HOW TO COMPLETE THIS TASK: Which lines run from the line with "Фискальный накопитель Инвента" through the line with "ヴァレンティノ VALENTINO 5W2J0H29" in the entries below? Print them exactly, both ends included, and nothing more.

(Dataset excerpts)
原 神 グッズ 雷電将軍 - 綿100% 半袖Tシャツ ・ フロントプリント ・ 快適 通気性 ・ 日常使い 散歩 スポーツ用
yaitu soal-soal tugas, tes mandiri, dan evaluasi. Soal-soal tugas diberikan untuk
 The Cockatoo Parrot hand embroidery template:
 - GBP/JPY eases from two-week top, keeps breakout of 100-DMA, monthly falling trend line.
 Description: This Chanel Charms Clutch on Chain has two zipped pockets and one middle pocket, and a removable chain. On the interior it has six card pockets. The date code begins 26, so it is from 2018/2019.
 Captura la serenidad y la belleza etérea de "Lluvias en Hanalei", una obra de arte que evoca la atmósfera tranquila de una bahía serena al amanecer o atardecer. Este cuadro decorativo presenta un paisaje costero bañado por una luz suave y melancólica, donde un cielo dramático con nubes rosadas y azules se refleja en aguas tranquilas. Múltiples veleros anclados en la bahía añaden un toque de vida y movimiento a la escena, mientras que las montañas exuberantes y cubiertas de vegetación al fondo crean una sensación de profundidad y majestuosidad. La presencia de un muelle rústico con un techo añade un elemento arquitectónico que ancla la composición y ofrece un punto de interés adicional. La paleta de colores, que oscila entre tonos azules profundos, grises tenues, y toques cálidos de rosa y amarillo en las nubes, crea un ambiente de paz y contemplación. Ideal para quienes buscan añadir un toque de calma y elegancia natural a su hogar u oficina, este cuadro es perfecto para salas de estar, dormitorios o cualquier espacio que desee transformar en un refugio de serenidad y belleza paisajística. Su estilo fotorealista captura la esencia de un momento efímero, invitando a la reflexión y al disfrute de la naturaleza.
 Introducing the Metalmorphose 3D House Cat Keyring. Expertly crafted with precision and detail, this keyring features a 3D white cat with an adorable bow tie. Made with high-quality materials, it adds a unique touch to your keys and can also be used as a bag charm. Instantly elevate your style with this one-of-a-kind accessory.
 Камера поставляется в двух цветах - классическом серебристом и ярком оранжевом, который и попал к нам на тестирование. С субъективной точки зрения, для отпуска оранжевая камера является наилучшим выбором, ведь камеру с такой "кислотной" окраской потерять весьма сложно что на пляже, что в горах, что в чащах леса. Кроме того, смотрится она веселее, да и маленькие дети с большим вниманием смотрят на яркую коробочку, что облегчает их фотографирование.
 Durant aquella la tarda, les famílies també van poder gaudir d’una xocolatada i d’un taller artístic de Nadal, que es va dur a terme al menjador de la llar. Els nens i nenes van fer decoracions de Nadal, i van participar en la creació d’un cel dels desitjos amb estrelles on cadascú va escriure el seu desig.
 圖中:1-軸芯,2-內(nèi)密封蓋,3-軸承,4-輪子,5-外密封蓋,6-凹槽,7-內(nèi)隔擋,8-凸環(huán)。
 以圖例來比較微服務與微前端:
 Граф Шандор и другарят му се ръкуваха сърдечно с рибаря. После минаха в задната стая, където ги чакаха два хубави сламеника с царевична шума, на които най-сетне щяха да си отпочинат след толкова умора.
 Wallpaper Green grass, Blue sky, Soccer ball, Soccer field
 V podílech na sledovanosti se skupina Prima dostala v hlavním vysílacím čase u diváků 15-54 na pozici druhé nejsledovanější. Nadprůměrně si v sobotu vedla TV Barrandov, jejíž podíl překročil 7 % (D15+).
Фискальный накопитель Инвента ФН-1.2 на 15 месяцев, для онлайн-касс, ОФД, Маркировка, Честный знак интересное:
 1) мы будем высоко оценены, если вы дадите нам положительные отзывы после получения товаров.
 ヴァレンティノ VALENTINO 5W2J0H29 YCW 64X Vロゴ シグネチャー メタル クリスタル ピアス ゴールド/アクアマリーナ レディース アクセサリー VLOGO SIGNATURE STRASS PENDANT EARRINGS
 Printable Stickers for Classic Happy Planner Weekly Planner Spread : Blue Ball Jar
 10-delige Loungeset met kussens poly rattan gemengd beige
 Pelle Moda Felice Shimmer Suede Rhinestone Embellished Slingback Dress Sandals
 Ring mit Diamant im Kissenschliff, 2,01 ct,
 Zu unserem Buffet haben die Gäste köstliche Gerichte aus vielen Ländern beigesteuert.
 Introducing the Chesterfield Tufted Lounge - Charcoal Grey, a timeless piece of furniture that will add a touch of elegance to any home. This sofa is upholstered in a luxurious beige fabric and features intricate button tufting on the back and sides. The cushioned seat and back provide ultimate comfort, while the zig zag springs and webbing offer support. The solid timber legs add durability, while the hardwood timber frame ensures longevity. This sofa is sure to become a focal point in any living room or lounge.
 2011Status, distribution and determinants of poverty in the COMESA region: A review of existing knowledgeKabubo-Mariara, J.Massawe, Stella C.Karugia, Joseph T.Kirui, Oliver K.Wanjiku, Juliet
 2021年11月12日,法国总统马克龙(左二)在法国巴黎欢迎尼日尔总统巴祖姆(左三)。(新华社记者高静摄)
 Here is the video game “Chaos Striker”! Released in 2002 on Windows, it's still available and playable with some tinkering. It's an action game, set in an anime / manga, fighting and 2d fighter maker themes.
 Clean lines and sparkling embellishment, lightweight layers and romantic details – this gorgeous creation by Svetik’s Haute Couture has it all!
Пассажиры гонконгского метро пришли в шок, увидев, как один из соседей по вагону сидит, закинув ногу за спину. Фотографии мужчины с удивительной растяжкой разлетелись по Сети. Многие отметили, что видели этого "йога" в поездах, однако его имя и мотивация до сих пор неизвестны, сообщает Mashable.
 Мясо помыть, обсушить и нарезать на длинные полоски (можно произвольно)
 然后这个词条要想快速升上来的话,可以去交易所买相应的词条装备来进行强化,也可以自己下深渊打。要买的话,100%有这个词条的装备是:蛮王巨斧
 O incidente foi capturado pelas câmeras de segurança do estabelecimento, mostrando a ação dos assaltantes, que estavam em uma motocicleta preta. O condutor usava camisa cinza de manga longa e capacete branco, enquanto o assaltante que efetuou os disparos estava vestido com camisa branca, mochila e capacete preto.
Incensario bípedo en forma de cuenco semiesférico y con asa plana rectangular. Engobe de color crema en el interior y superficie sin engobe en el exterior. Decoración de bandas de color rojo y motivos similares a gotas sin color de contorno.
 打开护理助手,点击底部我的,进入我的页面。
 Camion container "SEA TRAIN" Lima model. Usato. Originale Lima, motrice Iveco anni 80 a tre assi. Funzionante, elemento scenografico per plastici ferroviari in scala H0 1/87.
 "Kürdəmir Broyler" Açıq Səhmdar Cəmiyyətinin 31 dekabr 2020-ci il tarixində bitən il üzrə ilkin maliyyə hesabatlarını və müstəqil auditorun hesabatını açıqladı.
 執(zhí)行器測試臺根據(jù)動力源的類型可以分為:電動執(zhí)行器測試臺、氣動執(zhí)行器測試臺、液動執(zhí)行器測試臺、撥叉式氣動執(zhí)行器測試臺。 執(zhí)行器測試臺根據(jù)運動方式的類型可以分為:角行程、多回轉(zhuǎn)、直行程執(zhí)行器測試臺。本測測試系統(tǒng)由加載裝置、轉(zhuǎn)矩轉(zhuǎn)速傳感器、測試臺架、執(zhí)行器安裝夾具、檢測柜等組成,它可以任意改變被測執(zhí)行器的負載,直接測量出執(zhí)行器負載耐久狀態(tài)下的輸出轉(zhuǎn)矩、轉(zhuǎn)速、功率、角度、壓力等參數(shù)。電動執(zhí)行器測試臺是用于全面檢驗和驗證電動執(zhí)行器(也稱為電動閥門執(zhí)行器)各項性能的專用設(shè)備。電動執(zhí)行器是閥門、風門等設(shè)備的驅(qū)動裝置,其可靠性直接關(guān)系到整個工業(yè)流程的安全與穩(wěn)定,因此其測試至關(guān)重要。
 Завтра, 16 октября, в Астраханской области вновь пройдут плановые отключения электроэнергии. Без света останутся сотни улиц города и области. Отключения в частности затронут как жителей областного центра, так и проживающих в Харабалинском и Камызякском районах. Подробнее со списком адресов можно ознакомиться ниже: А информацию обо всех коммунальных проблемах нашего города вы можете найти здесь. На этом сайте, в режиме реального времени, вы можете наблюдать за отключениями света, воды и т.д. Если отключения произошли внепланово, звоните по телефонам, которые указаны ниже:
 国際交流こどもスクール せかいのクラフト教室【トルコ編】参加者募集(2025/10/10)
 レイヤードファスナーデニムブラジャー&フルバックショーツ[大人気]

RESULT:
Фискальный накопитель Инвента ФН-1.2 на 15 месяцев, для онлайн-касс, ОФД, Маркировка, Честный знак интересное:
 1) мы будем высоко оценены, если вы дадите нам положительные отзывы после получения товаров.
 ヴァレンティノ VALENTINO 5W2J0H29 YCW 64X Vロゴ シグネチャー メタル クリスタル ピアス ゴールド/アクアマリーナ レディース アクセサリー VLOGO SIGNATURE STRASS PENDANT EARRINGS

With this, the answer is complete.